MARCH 26: TTSH's Emergency Department takes over the role of Sars screening. Five more hospital workers are diagnosed with Sars, bringing the total to 74. Nine are seriously ill.
MARCH 27: All schools - from pre-school to junior college - shut. First Sars patients discharged from hospital.
MARCH 29: Of the 86 people hit by Sars, 25 are discharged. Screening of passengers starts at Changi Airport.
MARCH 31: Airport checks on Sars are tightened. Third Sars patient dies.
APRIL 2: Fourth Sars patient dies.
APRIL 3: Fifth person with Sars dies.
APRIL 5: Sixth death: Miss Chong Pei Ling, 29, who had rushed to the hospital from the airport after returning from a trip to Hong Kong and Beijing.
WHO doctor Carlo Urbani, who had warned the public of Sars, succumbs to the virus in a Bangkok hospital. Outbreak of Sars occurs at SGH. Patients and staff are moved to TTSH.
APRIL 7: TSH cardiology medical officer Dr Ong Hok Su dies. Former Prime Minister Goh Chok Tong announces the formation of a Ministerial Combat Unit for Sars.
School closure is extended. Singapore Armed Forces scales down its overseas training, courses and conferences.
APRIL 8: Number of Sars patients: 157, with 37 probable, 74 suspect and 46 observation cases.
APRIL 11: Launch of the Courage Fund, offering financial relief to Sars victims hospitalised or quarantined during the outbreak.
APRIL 14: Secondary schools reopen.
APRIL 16: Primary and childcare centres reopen.
APRIL 17: The Ministry of Health announces plans to convert Ren Ci Community Hospital into isolation facilities in order to handle the next outbreak.

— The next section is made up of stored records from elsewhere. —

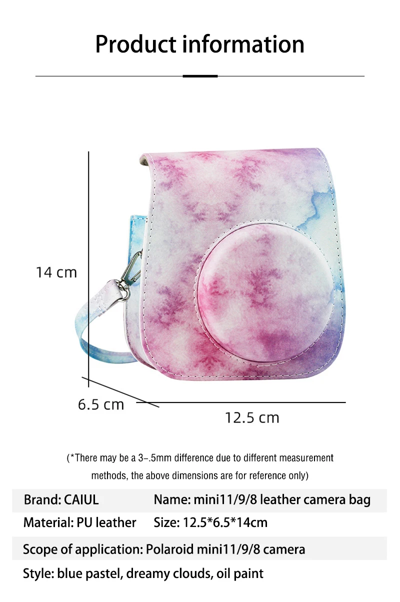 Описание: Название: Кожаная мини-сумка Polaroid в стиле ретро Материал: из искусственной кожи Размеры: 12,5*6,5*14 см Применение: Универсальный для камер Polaroid mini11/9/8 Стиль: синяя Пастельная, мечтательные облака, масляная краска Особенности: Этот чехол для камеры совместим с моментальной камерой Fujifilm Instax Mini 11. Для защиты мгновенной камеры от пыли, отпечатков пальцев и царапин. Чехол может быть снят, так что вы можете делать фотографии, не снимая камеру из сумки. Поставляется с регулируемым плечевым ремнем, удобно носить с собой. Посылка содержит: 1x Polaroid мини кожаная Ретро сумка для камеры 1x плечевой ремень Примечание: Камера, показанная на картинке, не входит в комплект. Пожалуйста, допускайте погрешность 1-5 мм для всех размеров, спасибо за понимание
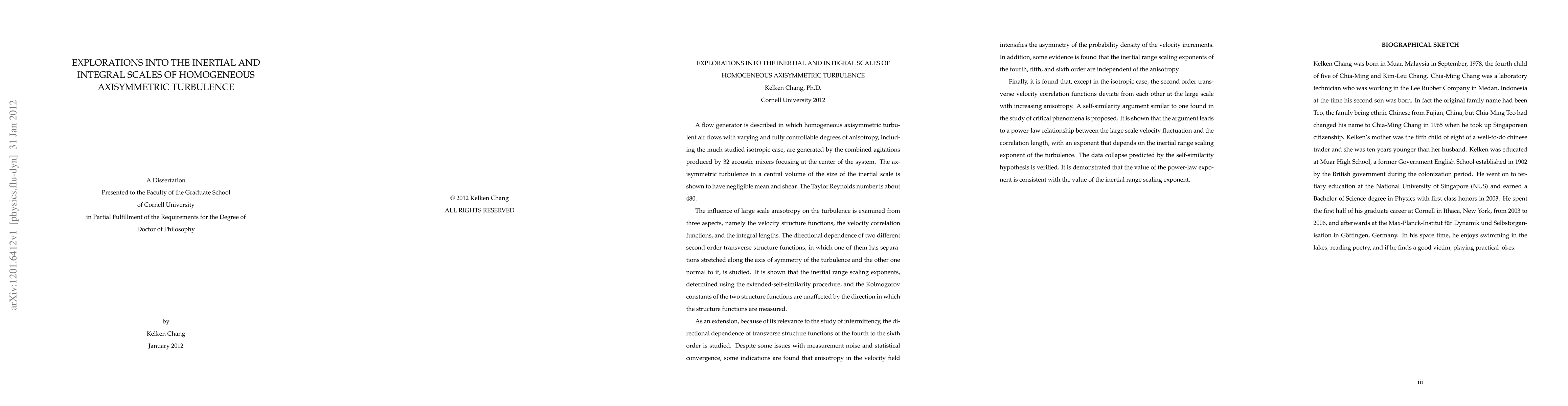 This paper explores the inertial and integral scales of homogeneous axisymmetric turbulence generated by acoustic mixers, finding that anisotropy affects large-scale velocity correlations but not the inertial range scaling exponents. A self-similarity argument is proposed for the relationship between large scale velocity fluctuations and correlation length.
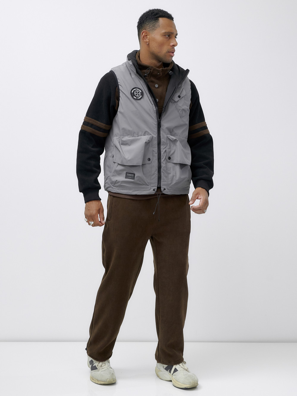 Жилет мужской утепленный спортивный серого цвета 15323Sr
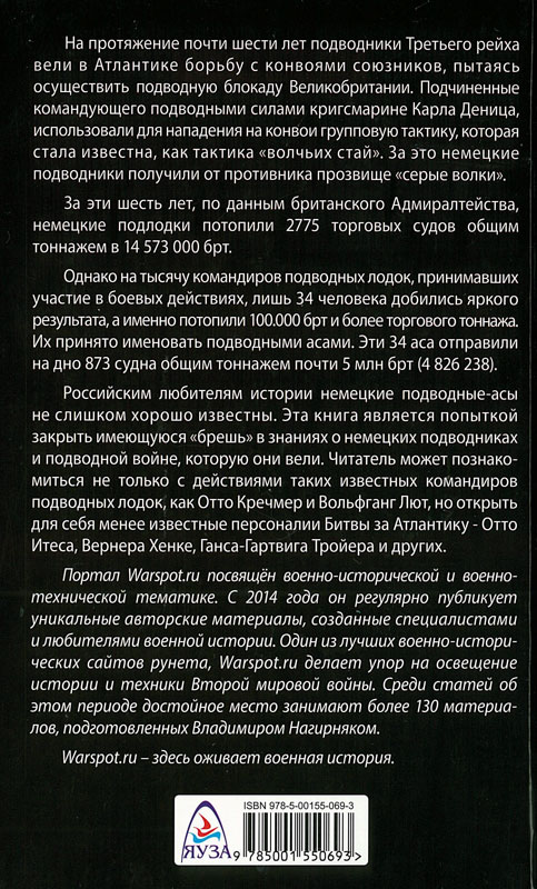 Российским любителям истории немецкие подводные асы не слишком хорошо известны. Эта книга является попыткой закрыть имеющуюся «брешь» в знаниях о немецких подводниках и подводной войне, которую они вели. Читатель может познакомиться не только с действиями таких известных командиров подводных лодок, как Отто Кречмер и Вольфганг Лют, но открыть для себя менее известные персоналии Битвы за Атлантику - Отто Йтеса, Вернера Хенке, Ганса-Гартвига Тройера и других.

The Government tops up the Courage Fund with $1 million, awarding it Institution of Public Character status.
APRIL 20: Sars outbreak at Pasir Panjang Wholesale Market. It shuts for 10 days.
APRIL 22: SGH vascular surgeon Alexandre Chao dies from Sars.
APRIL 23: All departing passengers at Changi Airport have their temperatures checked by thermal imaging scanners before going through immigration.
MAY 7: First 40 container isolation rooms ready for operation.
MAY 11: Nurse Hamidah Ismail dies on Mothers' Day.
MAY 18: One more Sars patient is diagnosed, dashing Singapore's hope of being taken off the WHO's list of Sars-affected areas. He would be Singapore's last Sars patient.
MAY 31: WHO declares Singapore Sars-free.